They also point out that a site like the upper Clark Fork can never be put back the way it was. Silver Bow Creek was once a stream that an early explorer compared to Dianas silver bow. Now the creek is completely gone where the Berkeley Pit was excavated, and the rest of its upper reach is called the Metro Storm Drain. It then passes through a "black canyon" made of 19th-Century slag heaps. The original landscape around Butte has been replaced by bare rock cliffs, several big holes in the ground, and a number of waste rock dumps. If the health hazards and the fish and wildlife hazards are corrected, we will have done all we can.
One other point about the cleanup: the EPA and the State are going about it one step at a time, starting upstream. This is a wise way to go about it. Some critics want the river from Warm Springs to Galen cleaned up NOW. The problem is that the pollution will keep coming from upstream until it is cleaned up. If they clean up the downstream reaches now, they will have to do it all over again in a few years.
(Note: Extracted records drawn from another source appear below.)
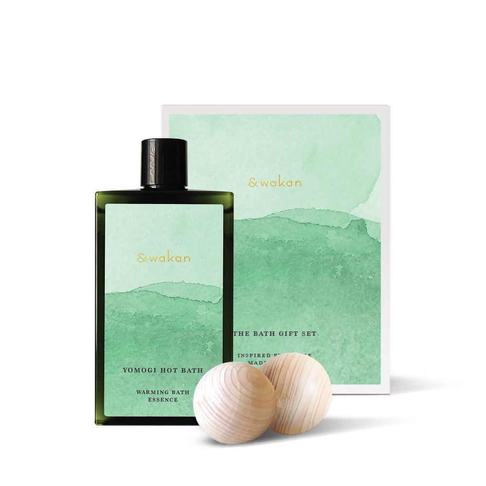 &wakanバスエッセンスとヒノキボール2個のギフトセットのボックスバージョン。
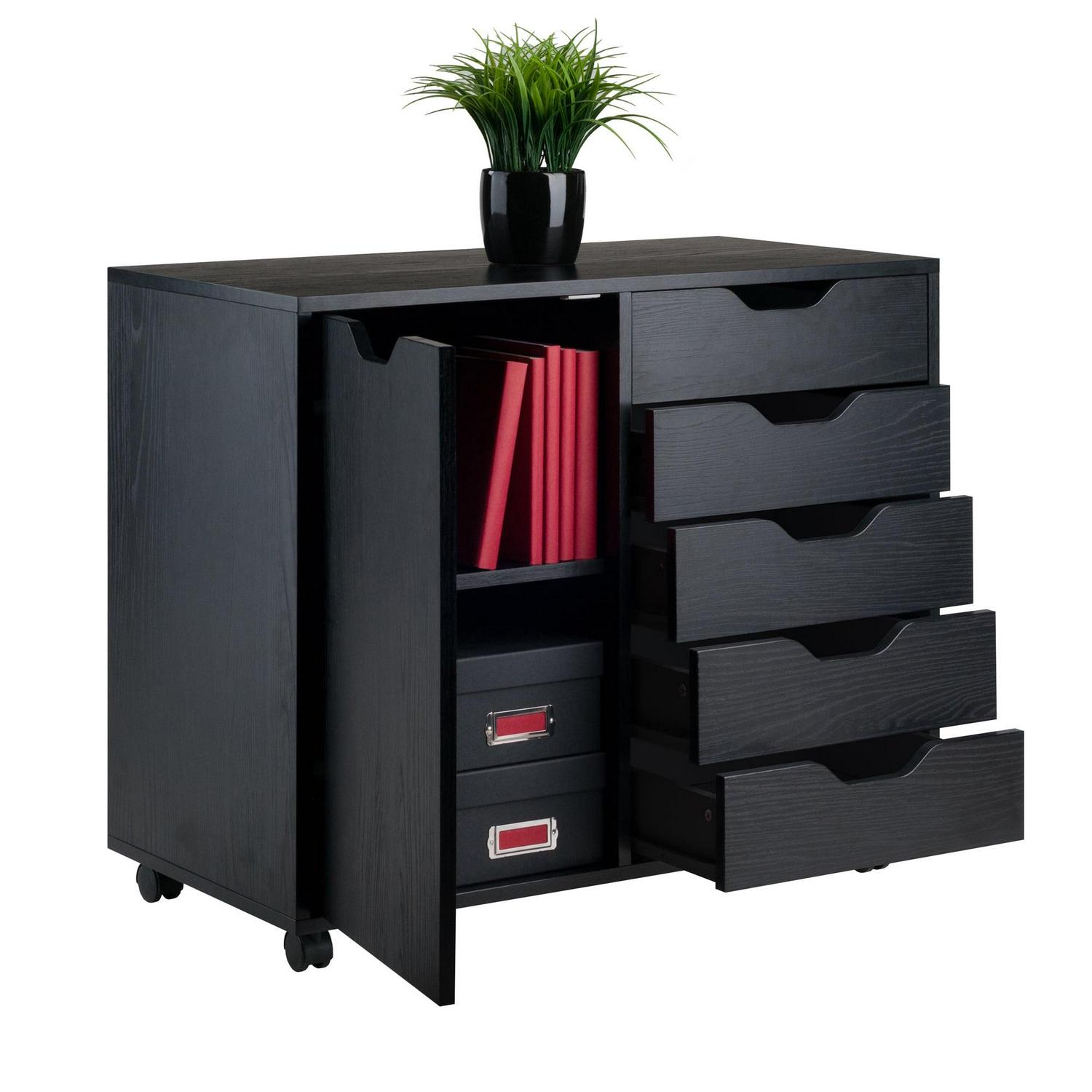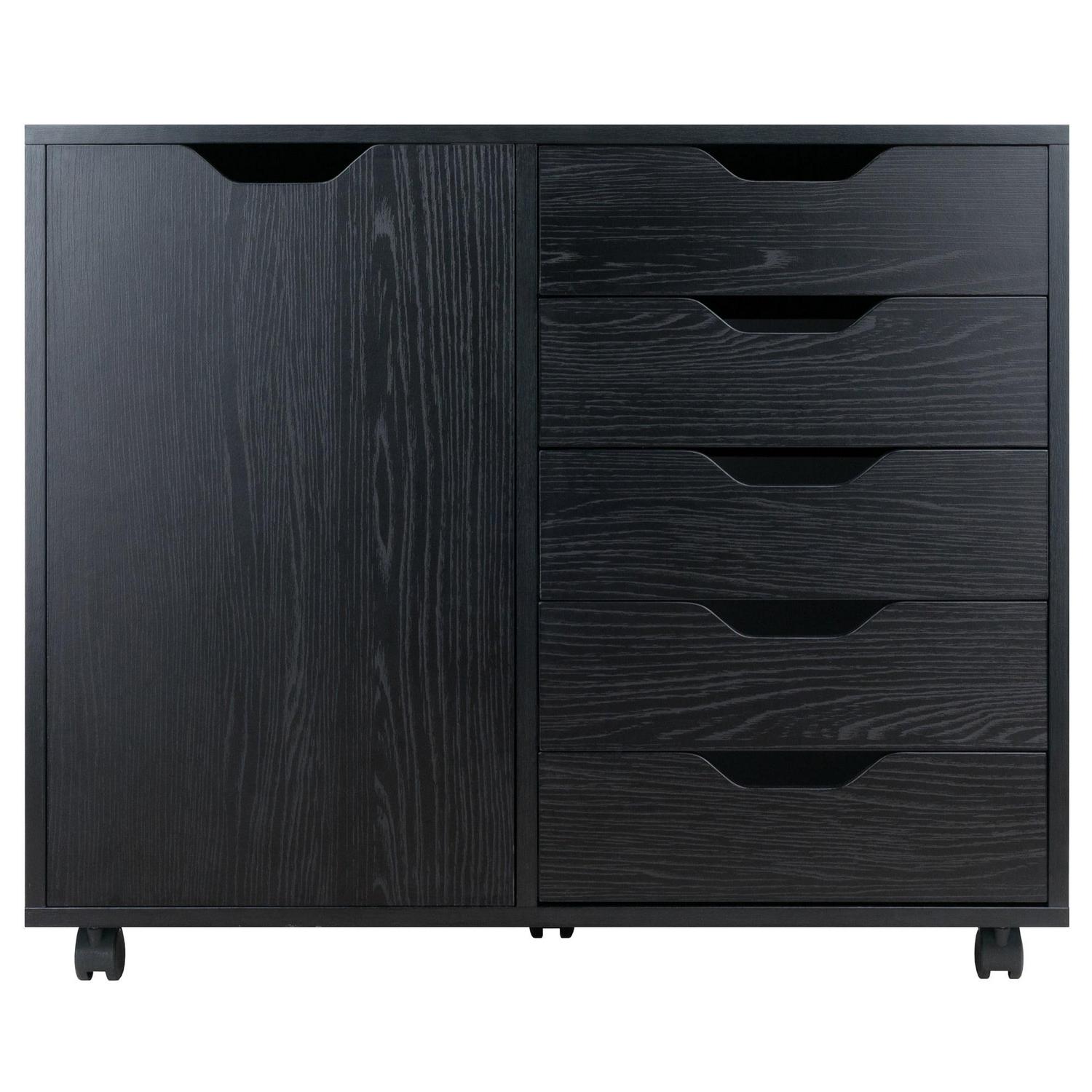 Winsome Wood Halifax 2-Section 5-Drawer Mobile Storage Cabinet, Black:
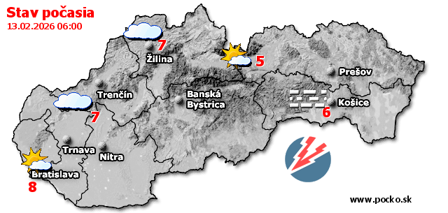 Stav počasia - Slovensko (13.02.2026 o 6.00 hod.)
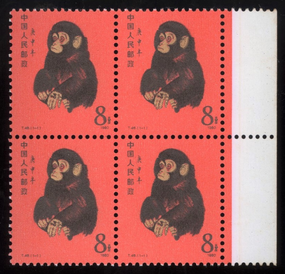 1980年T46庚申年新票四方連1件,帶右邊紙,票面顏色鮮豔,金粉閃亮,齒孔完整,原膠,邊紙微黃,品相佳
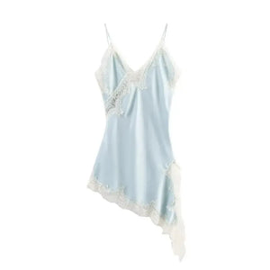 Vestido Slip Dress de Cetim Assimétrico com Renda Feminino
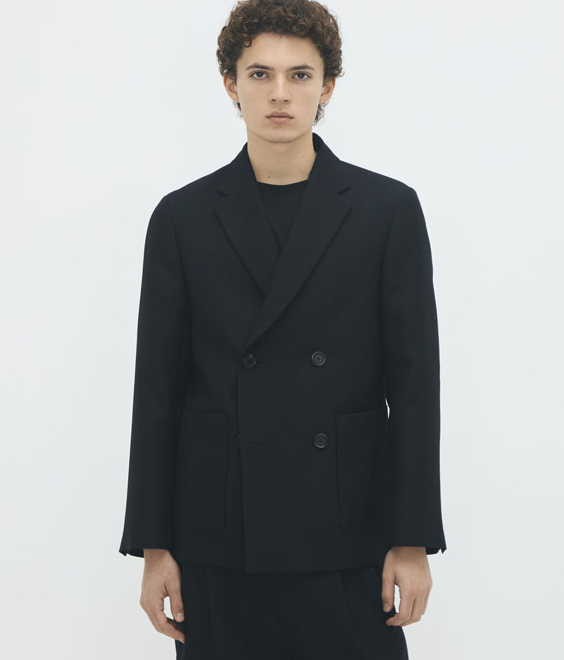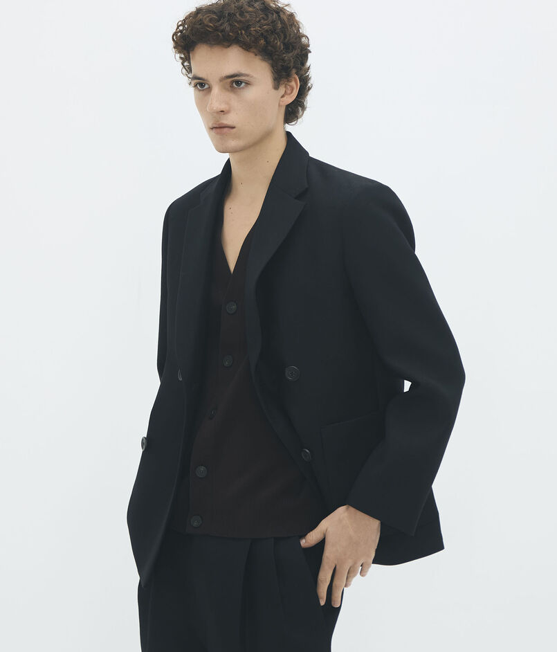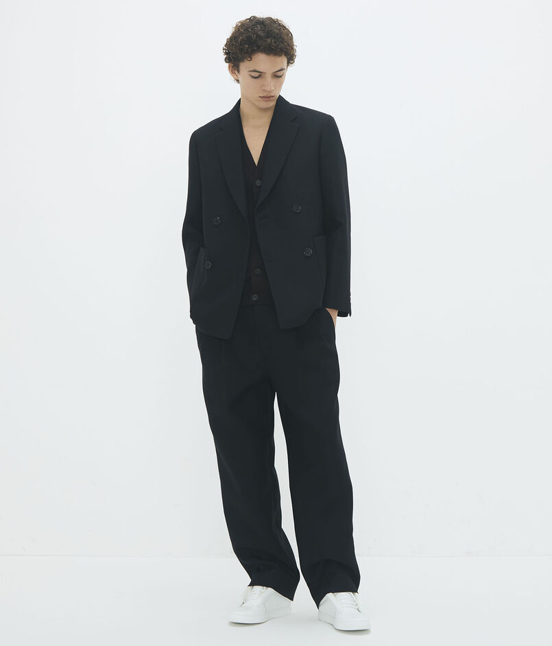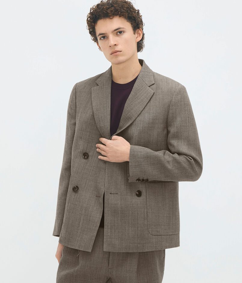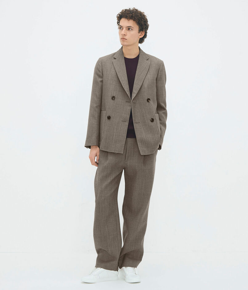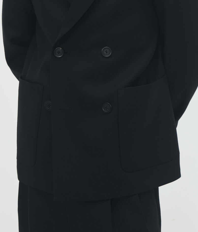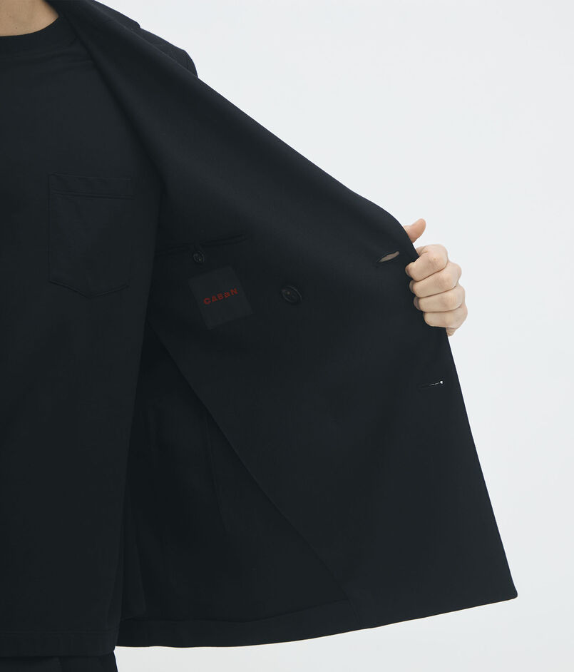 〈CABaN〉らしい存在感のあるノッチドラペルとやや短めのボックスシルエットが特徴の4ボタンジャケット。
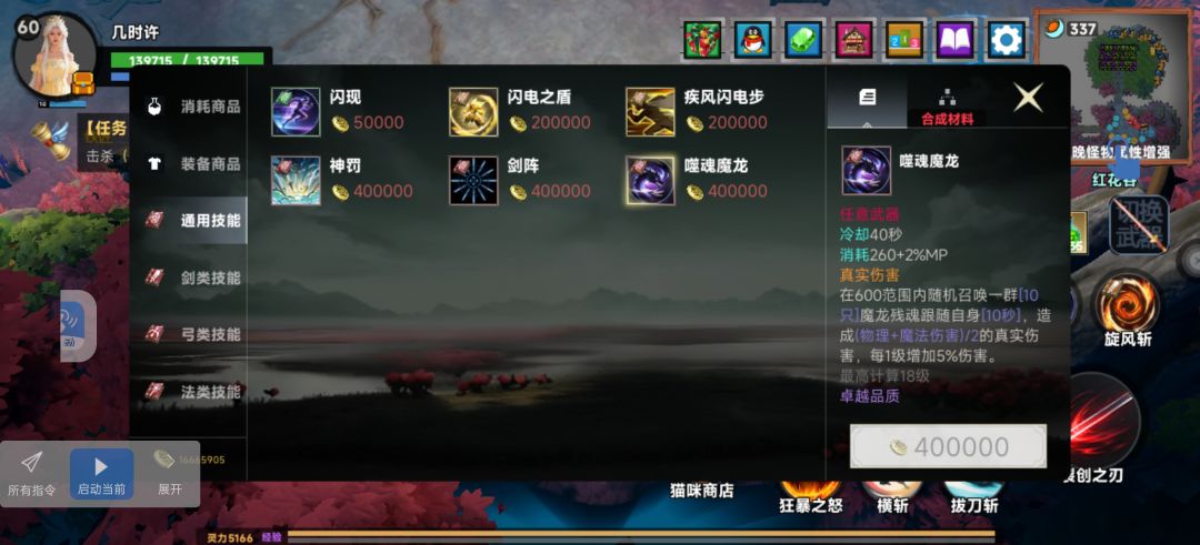 通用型技能中魔龙和剑阵都能脱手持续挂伤害,属于稳定触发器

Moore and Luoma talk about making the area a "National Environmental Disaster Monument." That will never happen, of course; Travel Montana and every Chamber of Commerce in the State would scream bloody murder. But its an interesting idea. People should be aware of the kind of damage that 130 years of bad industrial practice has caused.
The Blackfoot River
This is a river that is only slightly to moderately impacted by mining. The mining was on a much smaller scale that that around Butte, and there are some accidents of geography and geology that limited the damage done by mine wastes. This case study is detailed in a paper by Moore, Luoma, and Peters.
You are all familiar with the recent controversy over the Macdonald gold project near Lincoln. It is not as widely known that there has been mining in the Blackfoot drainage since the mid-1860s. Most of the mines closed down before 1960. There was not a large amount of milling done, but there was some, and tailings were dumped here and there. The metal deposits were mostly hosted by the Middle Belt Carbonate group of low-grade metamorphic rocks. There were a lot of small gold mines near Rogers Pass and some placer gold operations. The tunnels of some of the underground gold mines drained through adits. There is plentiful groundwater in the mining districts, and in many places the rock is pervasively fractured. The tunnels generally intercepted multiple fractures and gave the groundwater a path to drain toward the adits. At the same time, the tunnels introduced air into the anoxic rock, and the usual pyrite oxidation happened, with accompanying acid production. Thus the water draining out of the gold workings was normally acidic and high in iron. The gold mining operations also left waste rock dumps here and there, which provided another source of acid.
There were also mines where sulfide ore deposits were worked for silver and for copper, zinc, and other base metals. Two of these were the Mike Horse and Carbonate mines. The water draining from these mines carried dissolved contaminant metals, especially copper, zinc, cadmium, and lead, with lesser amounts of arsenic and nickel. Iron, manganese, and aluminum were also in solution as a result of the low pH.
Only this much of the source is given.